Simultaneamente, vários missionários europeus vieram para Belém. Eles construíram conventos, igrejas, hospitais e escolas, como a Escola da Terra Santa (Terra Sancta), Escola Secundária para Meninas São José, o Hospital Francês, O Convento Alemão e outros, que ofereceram empregos aos trabalhadores de todos os setores da construção civil e reduziram o número de analfabetos (ELALI, 1995, p.31).

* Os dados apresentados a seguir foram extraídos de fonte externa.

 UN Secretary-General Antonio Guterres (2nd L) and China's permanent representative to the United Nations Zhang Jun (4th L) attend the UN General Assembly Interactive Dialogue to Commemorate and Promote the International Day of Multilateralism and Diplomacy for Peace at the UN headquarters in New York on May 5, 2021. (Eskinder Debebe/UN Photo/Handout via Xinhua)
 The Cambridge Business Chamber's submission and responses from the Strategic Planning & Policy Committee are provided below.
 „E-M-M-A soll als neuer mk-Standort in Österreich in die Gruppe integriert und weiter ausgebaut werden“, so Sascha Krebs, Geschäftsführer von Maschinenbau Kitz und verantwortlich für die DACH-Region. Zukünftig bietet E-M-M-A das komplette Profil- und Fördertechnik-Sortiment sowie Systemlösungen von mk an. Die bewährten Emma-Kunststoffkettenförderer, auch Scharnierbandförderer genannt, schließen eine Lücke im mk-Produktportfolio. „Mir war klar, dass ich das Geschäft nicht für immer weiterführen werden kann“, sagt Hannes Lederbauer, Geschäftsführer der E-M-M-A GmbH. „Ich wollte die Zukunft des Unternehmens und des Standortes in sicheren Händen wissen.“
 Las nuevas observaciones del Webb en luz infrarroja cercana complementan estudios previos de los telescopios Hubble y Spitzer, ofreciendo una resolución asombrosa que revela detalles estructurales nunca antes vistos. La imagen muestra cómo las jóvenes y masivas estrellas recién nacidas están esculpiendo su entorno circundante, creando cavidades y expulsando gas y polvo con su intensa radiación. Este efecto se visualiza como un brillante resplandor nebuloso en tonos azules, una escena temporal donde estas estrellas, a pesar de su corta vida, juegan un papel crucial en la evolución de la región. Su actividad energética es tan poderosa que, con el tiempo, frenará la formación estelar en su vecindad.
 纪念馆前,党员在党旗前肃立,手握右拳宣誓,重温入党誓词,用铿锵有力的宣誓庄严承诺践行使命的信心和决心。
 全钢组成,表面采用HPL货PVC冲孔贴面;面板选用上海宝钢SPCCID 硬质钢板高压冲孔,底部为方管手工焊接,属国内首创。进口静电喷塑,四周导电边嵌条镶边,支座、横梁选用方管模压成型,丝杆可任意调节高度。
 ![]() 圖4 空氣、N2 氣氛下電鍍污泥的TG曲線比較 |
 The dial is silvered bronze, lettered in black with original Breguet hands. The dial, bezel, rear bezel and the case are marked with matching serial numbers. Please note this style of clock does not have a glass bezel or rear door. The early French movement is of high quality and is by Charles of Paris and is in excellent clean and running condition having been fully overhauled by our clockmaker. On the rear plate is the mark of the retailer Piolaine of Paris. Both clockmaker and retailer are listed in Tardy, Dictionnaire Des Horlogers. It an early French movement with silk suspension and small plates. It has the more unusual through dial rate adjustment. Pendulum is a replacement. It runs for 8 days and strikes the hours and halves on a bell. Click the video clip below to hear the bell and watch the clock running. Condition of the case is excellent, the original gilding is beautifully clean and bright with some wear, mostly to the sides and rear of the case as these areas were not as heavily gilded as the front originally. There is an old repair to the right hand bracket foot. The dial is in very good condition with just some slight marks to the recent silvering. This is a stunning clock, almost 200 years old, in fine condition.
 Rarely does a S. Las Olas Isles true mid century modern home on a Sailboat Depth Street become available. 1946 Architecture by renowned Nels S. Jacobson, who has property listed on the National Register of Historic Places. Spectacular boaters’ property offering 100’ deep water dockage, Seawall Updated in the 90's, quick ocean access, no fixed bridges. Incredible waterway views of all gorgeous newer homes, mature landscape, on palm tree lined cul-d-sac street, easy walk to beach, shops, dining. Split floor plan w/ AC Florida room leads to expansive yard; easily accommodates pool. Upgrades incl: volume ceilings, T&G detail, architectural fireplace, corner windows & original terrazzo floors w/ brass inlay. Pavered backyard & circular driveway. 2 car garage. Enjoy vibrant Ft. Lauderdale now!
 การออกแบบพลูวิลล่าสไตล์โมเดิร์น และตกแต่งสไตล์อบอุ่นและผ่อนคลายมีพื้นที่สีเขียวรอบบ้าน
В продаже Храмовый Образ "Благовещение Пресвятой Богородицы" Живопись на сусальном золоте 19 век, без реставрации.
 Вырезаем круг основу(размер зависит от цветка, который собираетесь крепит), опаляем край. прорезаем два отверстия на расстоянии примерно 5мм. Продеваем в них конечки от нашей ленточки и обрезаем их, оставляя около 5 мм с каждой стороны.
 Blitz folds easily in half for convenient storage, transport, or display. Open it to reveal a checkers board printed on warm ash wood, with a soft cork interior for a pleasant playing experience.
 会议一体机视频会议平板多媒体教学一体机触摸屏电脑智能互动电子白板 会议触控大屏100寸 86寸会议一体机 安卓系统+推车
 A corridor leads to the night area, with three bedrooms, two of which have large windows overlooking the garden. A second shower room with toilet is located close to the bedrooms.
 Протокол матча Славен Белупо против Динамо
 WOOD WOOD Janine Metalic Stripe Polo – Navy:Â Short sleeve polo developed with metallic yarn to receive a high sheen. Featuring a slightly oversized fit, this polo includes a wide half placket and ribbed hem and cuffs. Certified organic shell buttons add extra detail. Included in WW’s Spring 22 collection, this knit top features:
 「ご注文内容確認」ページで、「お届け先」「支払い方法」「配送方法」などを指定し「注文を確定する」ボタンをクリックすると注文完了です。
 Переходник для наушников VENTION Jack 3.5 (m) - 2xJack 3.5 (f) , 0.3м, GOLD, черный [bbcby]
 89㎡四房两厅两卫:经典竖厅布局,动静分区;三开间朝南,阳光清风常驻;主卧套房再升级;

O sucesso das missões católicas em difundir suas doutrinas e a autoridade do papa junto às outras comunidades cristãs do Oriente Médio levou ao aumento das tensões e conflitos entre elas, principalmente com a igreja ortodoxa, insatisfeita com a diminuição do

número de fiéis, e que culminou com o conflito entre drusos e maronitas no Monte Líbano e pouco depois, com o massacre de cristãos em Damasco, na Síria, no ano de 1860. Ainda que não haja como se estabelecer uma causalidade direta entre o massacre de cristãos em Damasco e o início das migrações árabes para o Brasil, Paulo Gabriel Hilu da Rocha Pinto alerta que “os processos políticos e sociais desencadeados pela reação otomana criaram condições para que a emigração emergisse como estratégia individual e coletiva em diversos estratos sociais”, começando pela intervenção imperial nas províncias árabes para evitar novos conflitos que pudessem “servir como pretexto para a ocupação militar europeia em províncias do Império”. O resultado dessa intervenção foi o aumento da presença otomana nos territórios árabes e a centralização da administração imperial com o objetivo de promover reformas, inclusive instituindo o serviço militar a cristãos e judeus. No fim, a centralização administrativa contribuiu para excluir as elites árabes letradas de sua participação política nas províncias e teve como efeito colateral o surgimento do nacionalismo árabe. “Em pouco tempo, alguns intelectuais árabes passaram a propor um destino coletivo distinto do Império Otomano para os povos árabes” (ROCHA PINTO, 2010, p.32).

Mesmo evitando a ocupação militar tão temida pelos turcos, os eventos de 1860 levaram a uma maior inserção das potências europeias, garantindo maior autonomia política, administrativa e econômica para algumas regiões predominantemente cristãs dos territórios árabes ocupados, inclusive com a criação de uma província autônoma, cujo governador seria um cristão, não árabe, indicado pelos países europeus, mas submetido ao governo imperial. Tudo isso facilitou a entrada do capital estrangeiro, que não tardou a produzir novas dinâmicas sociais e incorporar parte de Oriente Médio ao sistema capitalista mundial, produzindo inicialmente matéria-prima para a indústria europeia e outros bens primários para o mercado internacional.